Story: It's been five years since Seon-hee (Yeom Jeong-ah) started working for a supermarket chain and her hard work is about to pay
off since she will soon sign a permanent employment contract. She really needs this, too, as she has to bring up her two children almost
on her own, her husband constantly being away from his family for months because of his work. But suddenly she gets fired along with countless other
employees. Hye-mi (Moon Jeong-hee) wants to defend her rights right away since this amounts to a breach of contract. She asks her colleagues to unite and
complain about the decision with the management. Although Seon-hee actually isn't interested in the position she is elected as on of the spokeswoman of the
fired female workers, along with Hye-mi and Soon-rye (Kim Yeong-ae). However, management completely ignores the wish of its employees to discuss the decision.
The women still have one month at their old job, so they decide to go on a strike. Dong-joon (Kim Kang-woo) is trying hard to act as an agent between the
two parties, but the battle lines are already drawn. And no one seems to care about the fate of the female workers...
Review: "Cart" is based on true events that took place during 2007, which is why the socio-critical aspect of the movie clearly stands in the
foreground. Also, the film deserves some credit for working within a small frame and aiming at appealing to the viewer on an emotional level. Still, exactly
the latter point turns out to be one of the flick's biggest flaws. Too often the drama proves to be manipulative and - which is even worse - generic. You get
the feeling as if "Cart" was shot while ticking off a list what needs to be put into a movie about labor rights. Furthermore, the women are drawn too poorly,
although it is easy to relate to them. In the end this amounts to an entertaining drama, but the movie's message gets lost somewhere in a seemingly trivial
Seon-hee, fantastically played by Yeom Jeong-ah ("Spy", "A Tale of Two Sisters"), is an always
hard working and also a bit submissive worker who undergoes a strong, but believable change of character, because of the injustice she is confronted
with. She is also the only person whose private life is examined a bit. Her son even gets his own story, which nonetheless is tied up to the main story in the
end. Unfortunately, it is obvious from the very beginning that this subplot is only a way of reitering the main story and creating an understanding of the son
for his desperate mother and her struggle. Yet, this insertion enriches the movie since the other characters sadly all look rather blurry.

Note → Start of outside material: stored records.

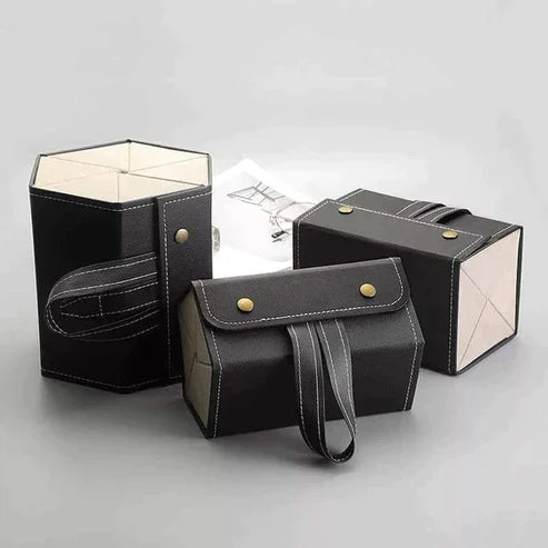 Our unique sunglasses case is the best place to store your glasses, It has multiple slots and a loop on top for a stylish display in any room. It also makes a great travel sunglasses case for a pair of glasses as it rolls up into a pentagonal box.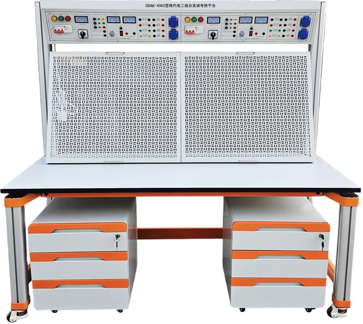 現代電工綜合實(shí)訓考核實(shí)訓臺由實(shí)訓屏(內置電源)、實(shí)訓桌、實(shí)訓儲物柜三大部分組成。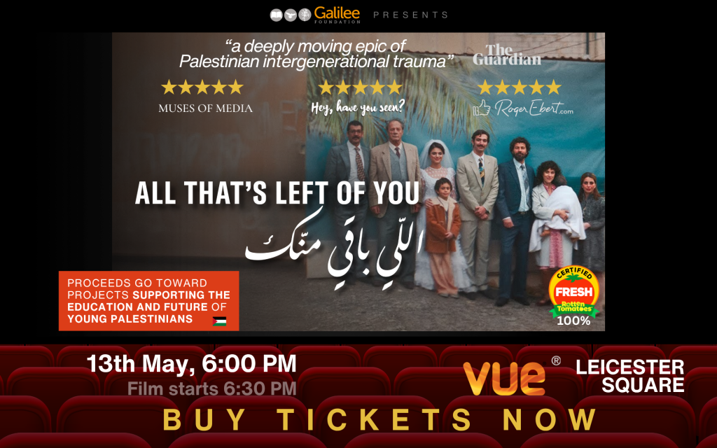 Join the Galilee Foundation’s charity screening of the acclaimed “All That’s Left Of You”, directed by the award-winning director Cherien Dabis and featuring an all-star cast including Saleh Bakri and the late Mohammed Bakri.

This also applies to Moon Jeong-hee's ("Hide and Seek", "Deranged") character, who fighting at the
front line temporarily acts differently than we would expect of her. Her reasons are comprehensible, but the feeling remains that her character would have
deserved a more vivid individual story. Moreover, it's also disappointing that you get the impression "Cart" would center around the labor rights of women in
particular when suddenly the likeable manager turns up, played by Kim Kang-woo ("Tabloid Truth",
"The Taste of Money"). Someone who at the last possible moment is supposed to clarify that the movie doesn't deal with a
gender-specific problem, but with the rights of workers in Korea in general. In fact, this is an important note, but we have been set on the wrong track
for too long already.
Female director Boo Ji-young ("Sisters on the Road") draws a hopeless fight of helpless employees against money-hungry men in leadership positions and does so not just on an one-dimensional level. The workers often need to ask themselves how much they are willing to sacrifice in order to fight for justice. After all, the whole family suffers from missing earnings. Furthermore, with Dong-joon there is at least one guy among the superiors who isn't really happy with the developments, but he won't risk losing his own position and accordingly supports the women in only a very passive way until he is affected by the cost cuts of the bosses himself. The picture depicted is thus quite a sophisticated one, although in the end it is clearly emphasized that South Korea still has considerable shortcomings concerning their labor rights and the right of demonstration, which should have been eradicated in a modern democratic country a long time ago.
Apart from several mandatory dramatic scenes, including an older woman and after that a little child ending up in hospital because the demonstrations of the female workers are constantly broken up by the police and a group of henchmen, it's particularly the last scene that proves to feature too much pathos and turns out to be almost ridiculous because of the use of slow-motion. Maybe the life-affirming nature of "Cart", which on several occasions is disrupted by not that well written drama, should have been replaced by a grittier tone. Moreover, at least Hye-mi and Dong-joon would have deserved their own little stories in order to provide the drama with the necessary groundwork. The way it is "Cart" often stays too much on the surface and deals with a topic, which deserves more attention, in a simply too insignificant and almost cliché-ridden manner.